Methodology

View code on GitHub

Note that on occassions where not all underlying data sources are available as at the most recent archived_on_date, we fall back to the next most recent version, e.g. GDPPR, Deaths and Vaccine Status were not provisioned as at 2024-06-04 so their versions as at 2024-05-28 are used in the batch provisioned as at June 2024.


Multisource Tables

The multisource tables consolidate a characteristic from multiple data sources. The data sources included so far are below. We plan to add data sources to this resource when the need arises - sources included so far have been project led.

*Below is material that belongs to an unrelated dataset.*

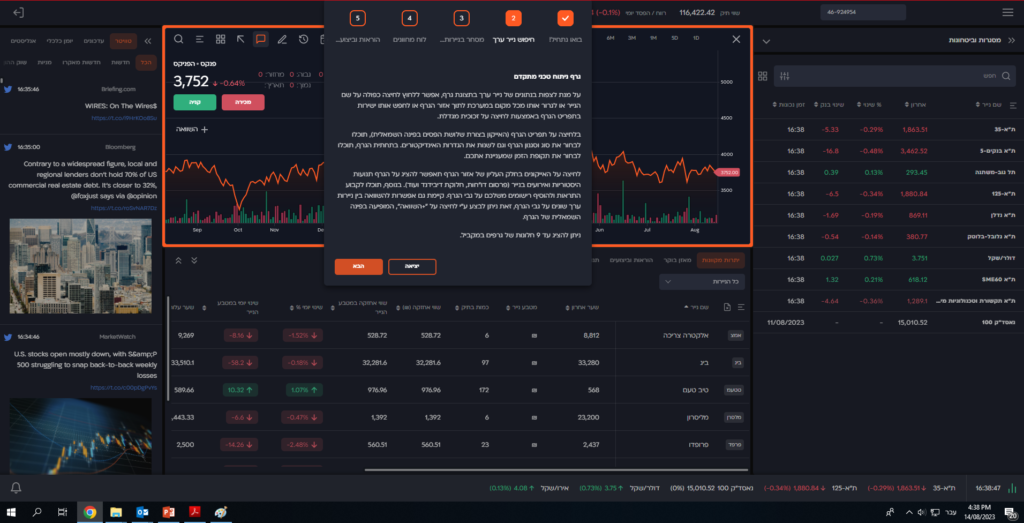 בלחיצה על תפריט הגרף (האייקון בצורת שלושת הפסים בפינה השמאלית), תוכלו לבחור את סוג וסגנון הגרף וגם לשנות את הגדרות האינדיקטורים. בתחתית הגרף, תוכלו לבחור את תקופת הזמן שמעניינת אתכם.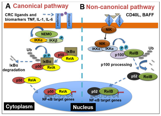 NF-κB signaling pathways. (A) Canonical NF-κB receptors TNFR, IL-1R and TLR are activated by their respective ligands, resulting in IKKβ activation. CRC biomarkers such as IL-6, IL-1 and TNFα can enhance this activity. Activated IKKβ phosphorylates IκBα, which causes its subsequent ubiquitination, separation from the p65/p50 complex and proteasomal degradation. p65/p50 heterodimers then translocate to the nucleus and can bind to their respective DNA elements and promote gene transcription. (B) In the noncanonical NF-kB signaling pathway, activation of noncanonical NF-κB receptors, including RANK and CD40, activates NIK, resulting in IKKα phosphorylation. Activated IKKα then phosphorylates p100, causing its polyubiquitination and processing to p52 via proteasomal degradation. The p52/RelB heterodimer then translocates to the nucleus to bind to its respective DNA elements.

Data Source Date of Birth Sex Ethnicity LSOA Record Date
GDPPR - all archived versions ✔ YEAR_OF_BIRTH ✔ SEX ✔ ETHNIC ✔ LSOA REPORTING_PERIOD_END_DATE
GDPPR - snomed codes       RECORD_DATE (DATE if missing)
HES APC ✔ MYDOB ✔ SEX ✔ ETHNOS ✔ LSOA11 EPISTART
HES OP ✔ APPTAGE_CALC ✔ SEX ✔ ETHNOS ✔ LSOA11 APPTDATE
HES AE ✔ ARRIVALAGE_CALC ✔ SEX ✔ ETHNOS ✔ LSOA11 ARRIVALDATE
SSNAP ✔ S1AGEONARRIVAL ✔ S1GENDER   ✔ LSOA_OF_RESIDENCE S1FIRSTARRIVALDATETIME
Vaccine status ✔ MYDOB     ✔ LSOA RECORDED_DATE
  • Date of Birth is only ever accurate to month and year and imputed with Day = 01
  • For HES OP, HES AE and SSNAP, an imputation algorithm is applied to derive Date of Birth from Age. Age represents completed years therefore, an upward adjustment of 0.5 years has been applied to approximate fractional ages.
  • LSOA is sourced from LSOA as at 2011. Please note that we do not currently clean LSOA’s that are not LSOA 2011. If the demographics table includes LSOAs from the 2001 census, these are derived from the original data sources. We are developing a version that will align 2001 LSOAs with their 2011 equivalents, ensuring that discrepancies in 2001 LSOA data within the 2011 columns are addressed and cleaned up.

GDPPR is derived from a JOURNALS (coded data) and PATIENTS (demographic) table whereby the latter contains the most up-to-date view of a patient’s demographics. Thus, demographics in GDPPR are not record specific. Using the latest batch of the extract will include the characteristic only as at its most recent recording but accessing all batches allows a person’s full history to be captured.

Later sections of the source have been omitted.